In the meantime, Carlisle is also philosophical about her band. It is a wonderful part of her life and she feels a close personal bond with her bandmates as if they were all sisters, but there will never be a fifth Go-Go’s album, she assures me. In fact, the band has officially broken up again – but this time for good. This year the Go-Go’s were planning to have a farewell tour to celebrate their career. However fate intervened.
“Tickets were being sold and it was doing really well, and then Jane [Wiedlin] fell while climbing and completely shattered both of her knees,” Carlisle explains. “We had to cancel the whole tour, which was going to be the last tour. I don’t know if we’ll make that up, because that’s so far down the line for me – at least a year recovery. We just got a star on Hollywood Boulevard, so maybe we’ll do a couple of dates around that and that’ll be the end. I’d like to go out with a little bit of dignity and grace. I don’t want to be around too long. I think that’s kind of pathetic.”

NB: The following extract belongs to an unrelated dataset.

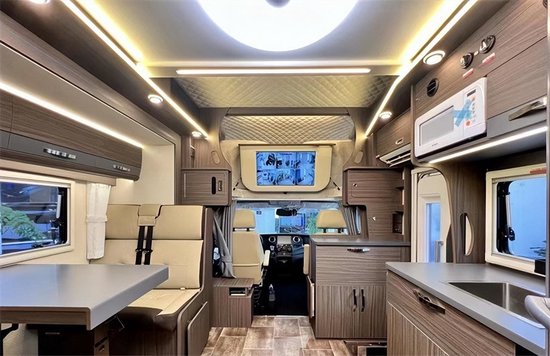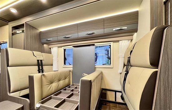 车内选用进口E0级的板材,环保系数高的同时也保证了整车的质感。整车使用了传统的风道设计,可以形成一个循环的空气系统,将新鲜空气循环往复地输送到车内各个角落。会客区采用经典的四人对坐卡座样式,超大外推窗,增加了自然光照入车内的面积,座椅的上方有丰富的储物空间。升降桌降下与对坐沙发可以拼成一张1900*945(mm)的临时床位。

Carlisle will continue to record and tour as a solo artist when she is moved to, but the music is no longer the only focus of her life.
“I’m recording in the fall, actually,” Carlisle says. “It’s just one of the things that I love doing. I have a whole other business in India – a jewelry and clothing export thing. I work a lot on that, too. I’ll always do little dates and recording, as long as it’s fun. Whatever I do record, I have to have the same sort of attitude about it as I did for my French album, because that was such an amazing experience and I don’t want to be on a hamster wheel anymore. I don’t want to have to feel I need to compete. I want to have 100% artistic freedom to be able to experiment, because my tastes aren’t really that mainstream. My tastes do run along the lines of being eccentric. So, yeah, I’m sure I will do little projects now and again. Now, for the next 50 years, I’d like to slow down a little bit and enjoy the fruits of my labor, basically.”
After all, Belinda Carlisle has had a fascinating existence and has achieved more than most people have ever dreamed of. Now, she is enjoying what she has achieved in life.
“Everybody says that you have to plant a tree, have a baby and write a book,” Carlisle smiles. “That’s the three things you need to do in life. I’ve done all three.”